* **DATA IN THIS EXERCISE**:
☆ ☆ ☆ ☆ ☆

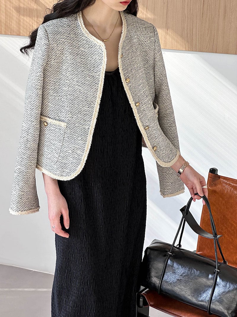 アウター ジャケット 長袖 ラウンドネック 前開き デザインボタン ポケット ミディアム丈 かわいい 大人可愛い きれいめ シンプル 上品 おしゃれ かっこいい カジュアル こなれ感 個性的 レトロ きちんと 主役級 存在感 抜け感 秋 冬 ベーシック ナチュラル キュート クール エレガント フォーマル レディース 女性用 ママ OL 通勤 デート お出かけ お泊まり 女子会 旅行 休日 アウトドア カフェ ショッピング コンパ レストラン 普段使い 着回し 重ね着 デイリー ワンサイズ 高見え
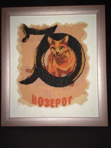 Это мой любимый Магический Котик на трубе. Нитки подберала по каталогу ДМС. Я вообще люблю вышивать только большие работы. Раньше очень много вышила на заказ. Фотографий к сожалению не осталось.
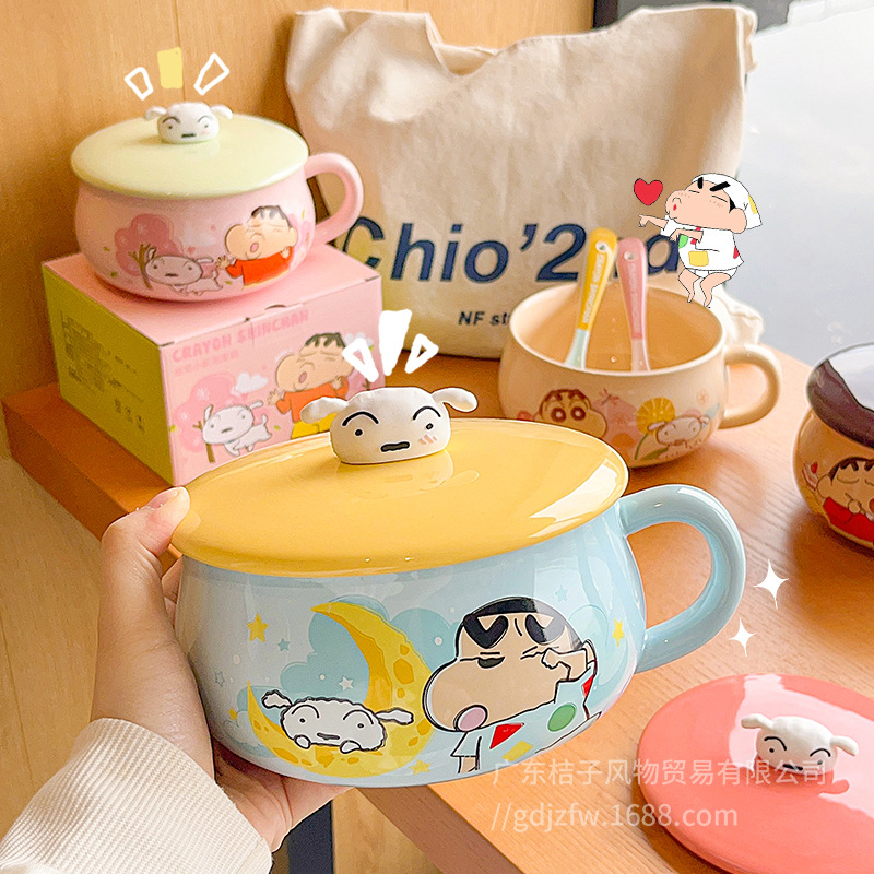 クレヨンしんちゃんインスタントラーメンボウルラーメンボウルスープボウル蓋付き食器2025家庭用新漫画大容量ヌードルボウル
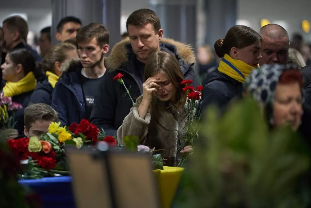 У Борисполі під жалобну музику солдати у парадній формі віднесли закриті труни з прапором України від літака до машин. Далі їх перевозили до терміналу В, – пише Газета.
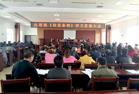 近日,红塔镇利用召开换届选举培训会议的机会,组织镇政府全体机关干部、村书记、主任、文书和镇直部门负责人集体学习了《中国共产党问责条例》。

☆ ☆ ☆ ☆ ☆

* **THE PROBLEM**: Could you transcribe exactly the lines from the line containing "クレヨンしんちゃんインスタン" through the final line of the records, both included, and nothing beyond them? The pictures should be left out.

* **SOLVED EXERCISE**:
 クレヨンしんちゃんインスタントラーメンボウルラーメンボウルスープボウル蓋付き食器2025家庭用新漫画大容量ヌードルボウル
 У Борисполі під жалобну музику солдати у парадній формі віднесли закриті труни з прапором України від літака до машин. Далі їх перевозили до терміналу В, – пише Газета.
 近日,红塔镇利用召开换届选举培训会议的机会,组织镇政府全体机关干部、村书记、主任、文书和镇直部门负责人集体学习了《中国共产党问责条例》。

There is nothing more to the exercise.